The Death of Boredom

 
Author: Kevin Nordberg

I walk back to the rec room in our house. I call it the cave. It is inhabited with the various electronic pacifiers that we as good and enlightened parents provide our growing children. I don't know how many times my wife or I have said something to the effect of, 'these kids are lucky; I didn't have any of these things when I was growing up.' Now I'm not so sure, about their being lucky that is. But hold that thought. I enter the rec room knowing I will find at least one of our children attached to a video game or the computer on-line or watching TV. This time it's my oldest son (we'll call him Mitch) and his sister, he's playing she's watching him play.

He doesn't look up but senses my presence; the force is strong with this one. 'I'm hungry, are we going out to eat'? Going out to eat with the family is one of the central events in Mitch's life. Actually, any activity organized by and involving his parents is a tie for most important event. He's not alone. At any given time when they are not in school, at least a couple of our five children are can be found biding their time waiting for the next parent sponsored event to save them from their bored misery. To fill the emptiness between these seminal events, they turn not to the outside world or their imaginations but to their electronic friends.

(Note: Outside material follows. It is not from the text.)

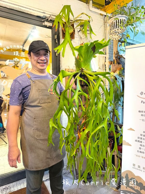 男老闆親手栽種的鹿角蕨、各式盆栽點綴其間,
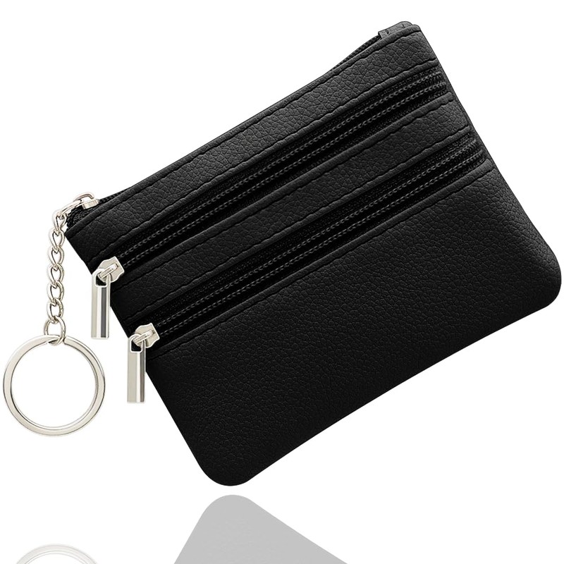 Small Coin Purse, Leather Wallet, Credit Card Purse with Three compartments, Zipper, Key Ring, Small Purse, Business Card, Mini Wallet for Women, Black, (N1-DWXG-B11E)

I inform Mitch that we are not eating out, we're having Chinese delivered. Having dashed his hopes of dining out he returns to his game, manipulating his controller with such a vengeance he is in serious danger of exerting himself. I look around at the TV screen to see what's captivating him so. I see his character pulling another character out of his car, whereupon he blows his head off and jumps in the poor guys' car and careens off down the road running down pedestrians in his path. Every parental bone in my body says this is wrong. That nothing good could possibly come from this rot and that if I was one tenth the father that Ward Cleaver was I would pull the plugs from the wall and send the Beav to his room where he could talk it out with Wally. I slowly back out the door closing it behind meWard wherever you are, please forgive me.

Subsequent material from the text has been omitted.